Parasitism by Dodder. (A) Tobacco infected with dodder. (B) Dodder strand showing embedded haustoria (white arrowheads) and prehaustoria (black arrowhead). (C) Longitudinal section of a dodder strand with vascular tissue (V) and initiating haustoria (black arrows). (D) Longitudinal section of a dodder strand in high magnification showing developing haustoria. (E) Dodder haustoria emerging from the stem epidermis; the asterisk marks file cells, and the arrowhead marks digitate cells in the prehaustorium. (F) Transverse section of a tobacco stem with an attached dodder strand. Mature haustoria (H) of dodder (marked with a yellow line) are embedded in the tobacco stem (demarcated with a green line) and Xylic searching hyphae (arrow) have contacted the host xylem (Xy), while Phloic hyphae (asterisks) contact the host phloem (Ph). (G) Transverse section of a tobacco stem (to) with attached dodder parasite (p) stained with Aniline Blue. Mature haustorium shows a central column of Xylic hyphae (arrows) that have contacted the host xylem, and peripheral to that, Phloic hyphae (marked with asterisks) that contact the host phloem. in, host-parasite interface. (H) Transverse section of a tobacco stem with attached dodder parasite showing a haustorium sending out numerous searching hyphae (arrows) toward the host vascular tissue. Bars = 100 µm.

Figure 2.

Expression of STM during Haustorial Development. (A) qRT-PCR showing expression of STM in dodder apex and stem strands with haustoria (a, apex; h, haustorium; p, prehaustorium; sh, strand haustorium; sph, strand prehaustorium). Error bars represent sd from the mean. (B) Dodder stem showing STM expression in vascular and adjacent tissue. (C) Sense control. (D) and (E) Prehaustorium antisense and sense. Prior to emergence from stem where (D) is showing expression in digitate cells and file cells compared with sense control (E). (F) and (G) Developing haustoria. STM expression is seen in developing vascular strand (F) compared with sense control (G). Bars = 100 µm.

Figure 3.

STM Downregulation in Dodder. (A) qRT-PCR showing reduced dodder STM expression in both attached and independent RNAi transgenic lines SUC2-3 and SUC2-7. (B) Distribution of the reads across the STM gene fragment in the region targeted for RNAi and reads outside the targeted region. Raw read counts are shown here to visualize the distribution.

Figure 4.

Coverage of Small RNA Reads across the Hairpin Construct in Dodder.

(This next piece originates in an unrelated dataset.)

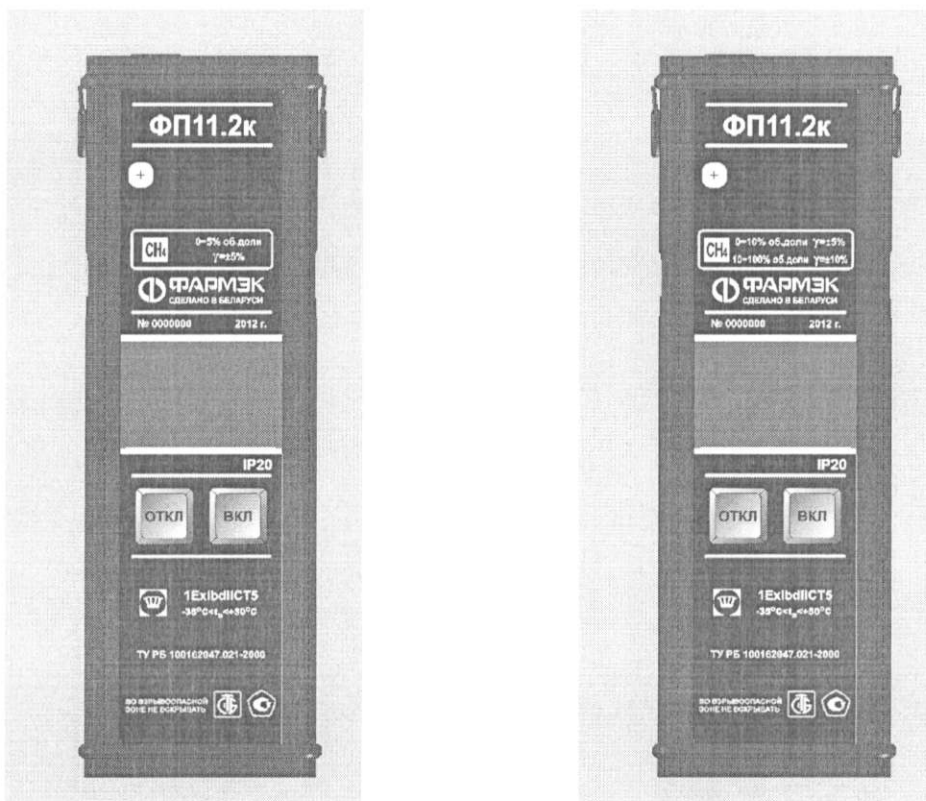
Рисунок 1а. Внешний вид газоанализаторов ФП11.2к с оптическим датчиком

Внешний вид газоанализаторов ФП11.2к приведен на рисунках 1а и 1б.

The read counts (peaks) have been overlayed on top of a graphic of the hairpin construct that has the SUC2 promoter and STM and Knat1-3b in forward and reverse orientation surrounding a maize waxy intron and the Nos terminator. The inset shows the starting, ending, and size of the various regions in the construct. Note that some reads are detected in the polylinker region as well as the intron.

Figure 5.

Dodder Grown on Transgenic Hosts Exhibits Reduced Vigor. (A) Dodder grows vigorously on wild-type tobacco compared with SUC2 RNAi transgenic host. WT, wild type. (B) Premature transition to flowering is seen in the dodder growing on transgenics. [See online article for color version of this figure.]

Figure 6.

Normalized Read Counts of Small RNA Molecules. Reads mapping to the microRNAs that regulate flowering, at-miR172c and d, and phase change, at-miR159a. WT, wild type.

Figure 7.

RNAi of STM Alters Haustorial Growth in Dodder. Searching hyphae (colored light green) development on untransformed (A) and transgenic tobacco ([B] and [C]). The host is demarcated with a green line and the parasite with a yellow line. Host xylem is labeled Xy, and H is haustoria. Bars = 100 µm.